7 T Musculoskeletal MRI: Fundamentals and Clinical Implementation

Review

7 T Musculoskeletal MRI: Fundamentals and Clinical Implementation

Shila Pazahr et al. Invest Radiol. .

Abstract

This review summarizes the current state-of-the-art of musculoskeletal 7 T magnetic resonance imaging (MRI), the associated technological challenges, and gives an overview of current and future clinical applications of 1 H-based 7 T MRI. The higher signal-to-noise ratio at 7 T is predominantly used for increased spatial resolution and thus the visualization of anatomical details or subtle lesions rather than to accelerate the sequences. For musculoskeletal MRI, turbo spin echo pulse sequences are particularly useful, but with altered relaxation times, B1 inhomogeneity, and increased artifacts at 7 T; specific absorption rate limitation issues quickly arise for turbo spin echo pulse sequences. The development of dedicated pulse sequence techniques in the last 2 decades and the increasing availability of specialized coils now facilitate several clinical musculoskeletal applications. 7 T MRI is performed in vivo in a wide range of applications for the knee joint and other anatomical areas, such as ultra-high-resolution nerve imaging or bone trabecular microarchitecture imaging.
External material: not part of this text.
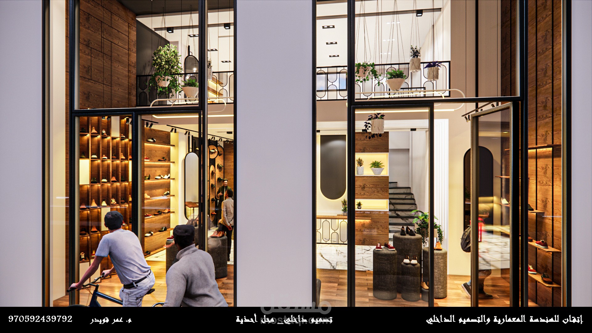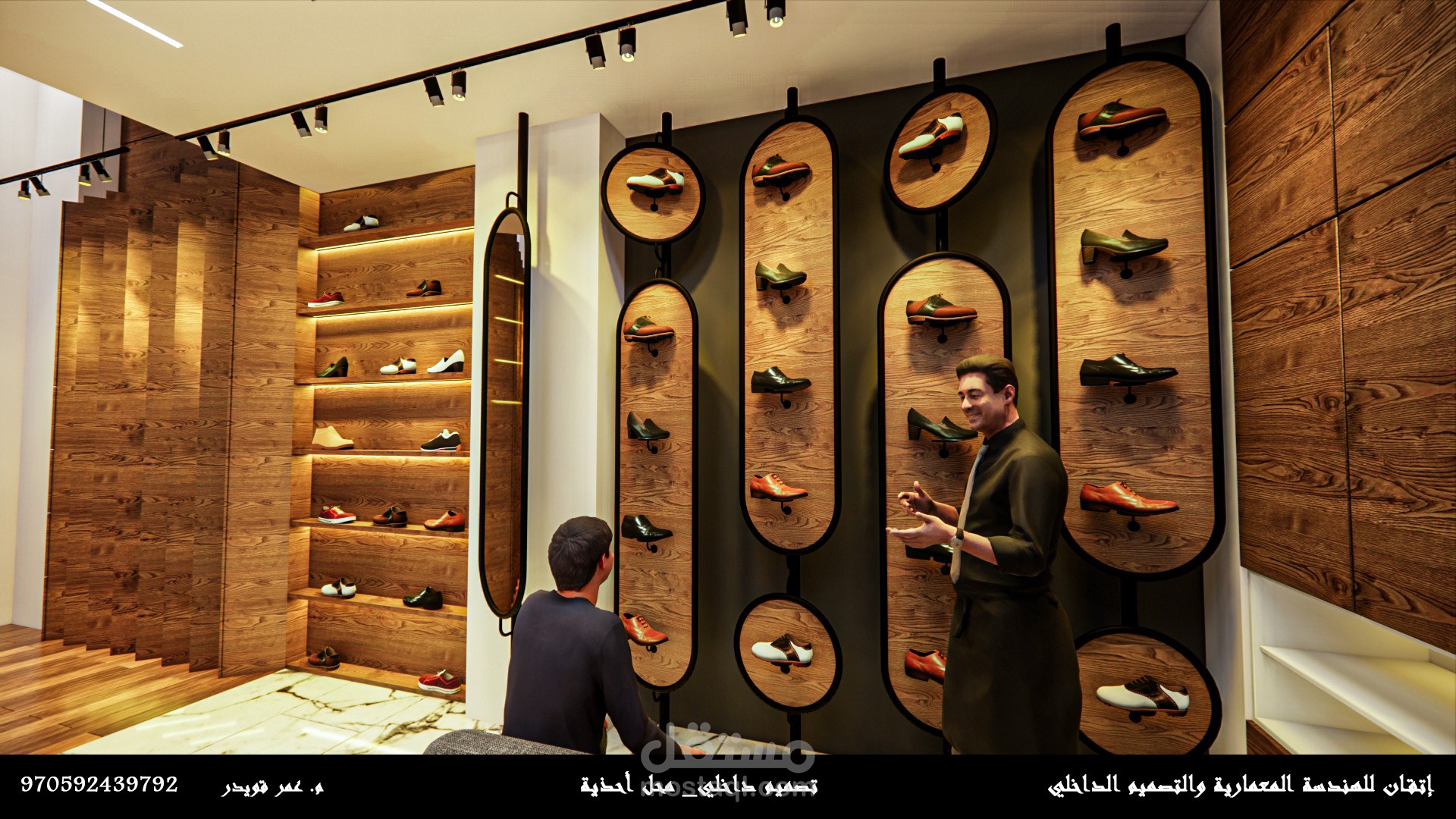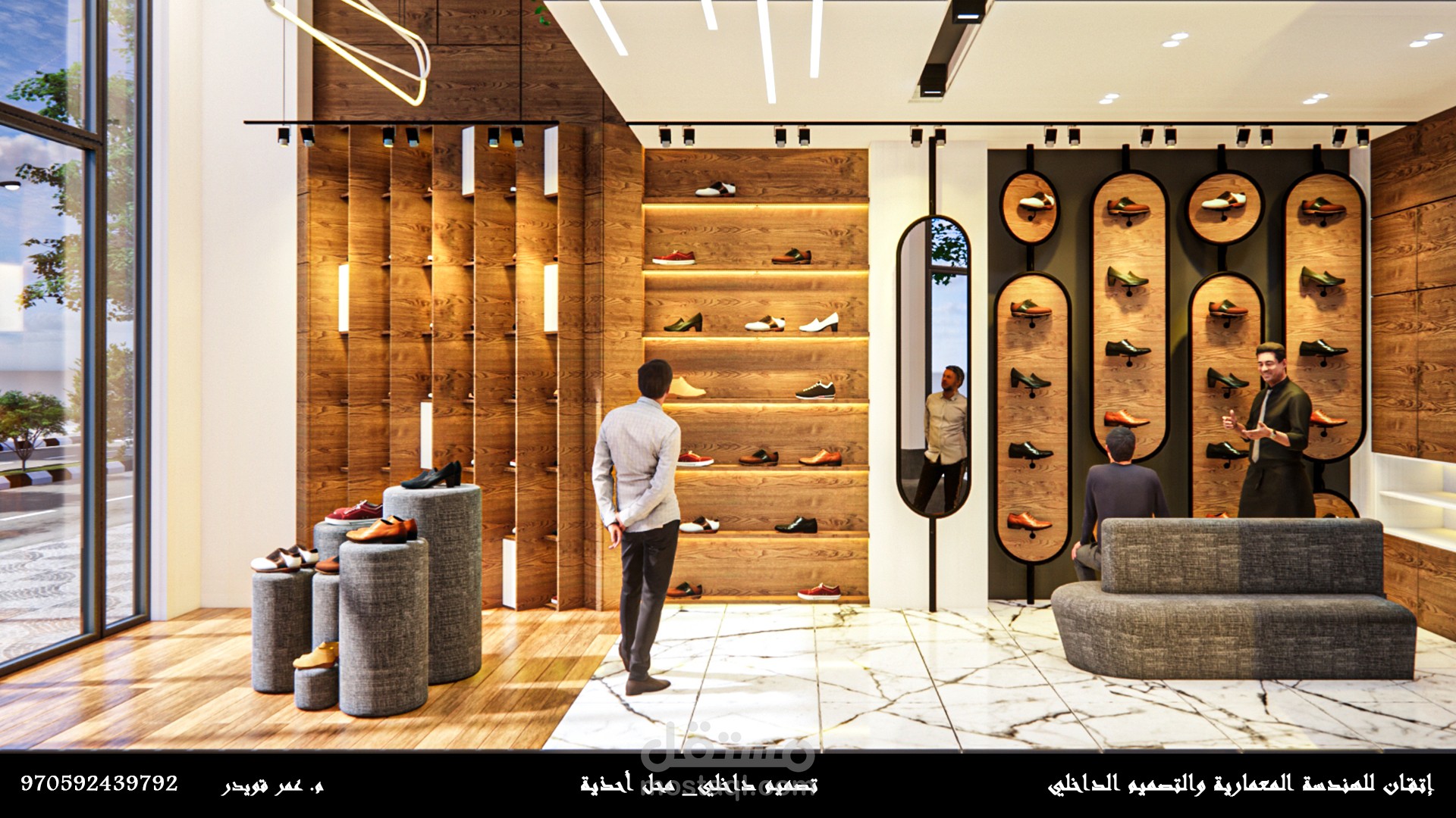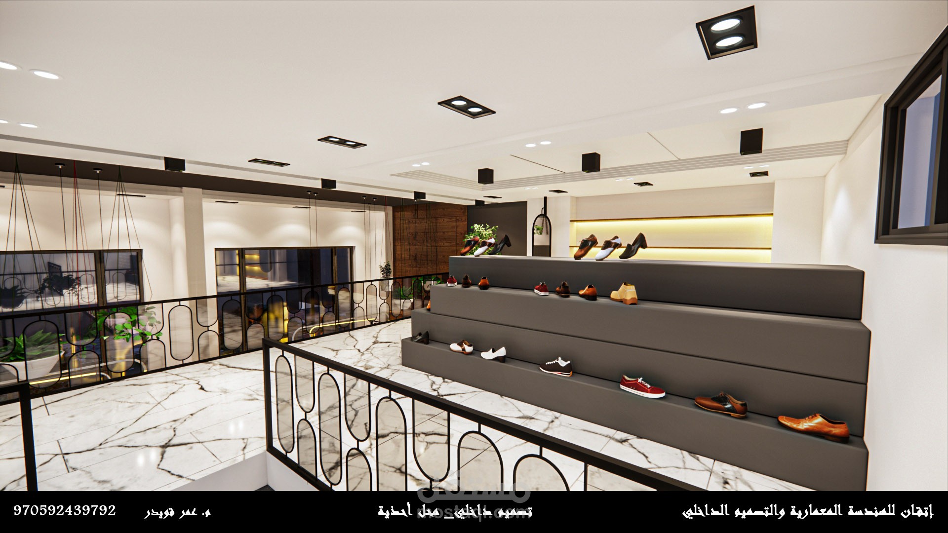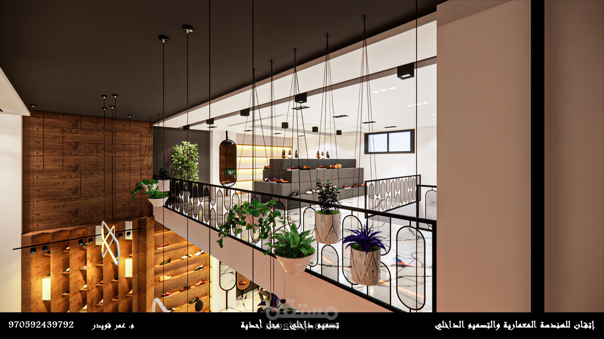 تصميم داخلي محل أحذية مكون من طابق أرضي وسدة.
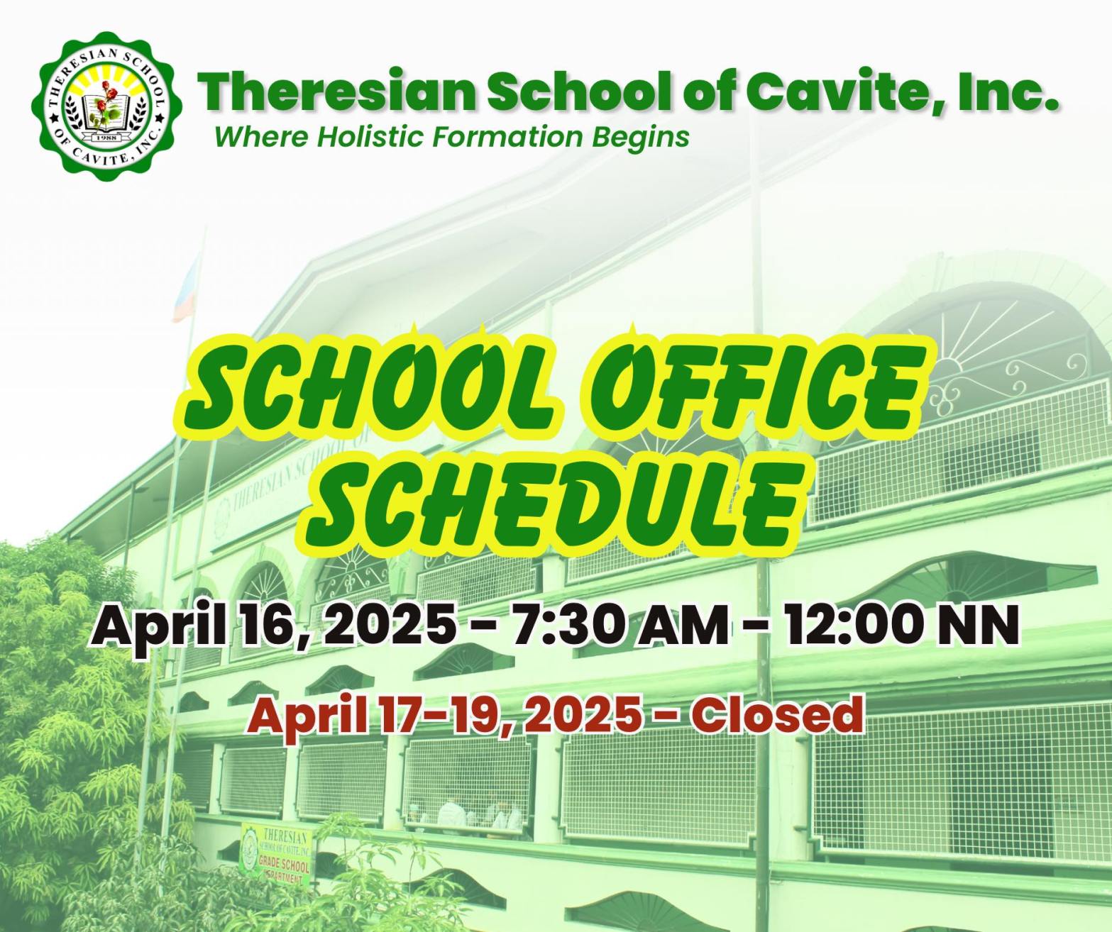 #TSCAdvisory In observance of Holy Week, please be informed that the School Office will be open on April 16, 2025, from 7:30 AM to 12:00 NN only. Kindly note that the cutoff for payments and transactions is 30 minutes before closing time. Please be guided accordingly.

So far, however, it has not been shown systematically whether the higher field strength compared with the established 3 T MRI systems translates into clinical advantages, such as an early-stage identification of tissue damage allowing for preventive therapy or an influence on treatment decisions and patient outcome. At the moment, results tend to suggest that 7 T MRI will be reserved for answering specific, targeted musculoskeletal questions rather than for a broad application, as is the case for 3 T MRI. Future data regarding the implementation of clinical use cases are expected to clarify if 7 T musculoskeletal MRI applications with higher diagnostic accuracy result in patient benefits compared with MRI at lower field strengths.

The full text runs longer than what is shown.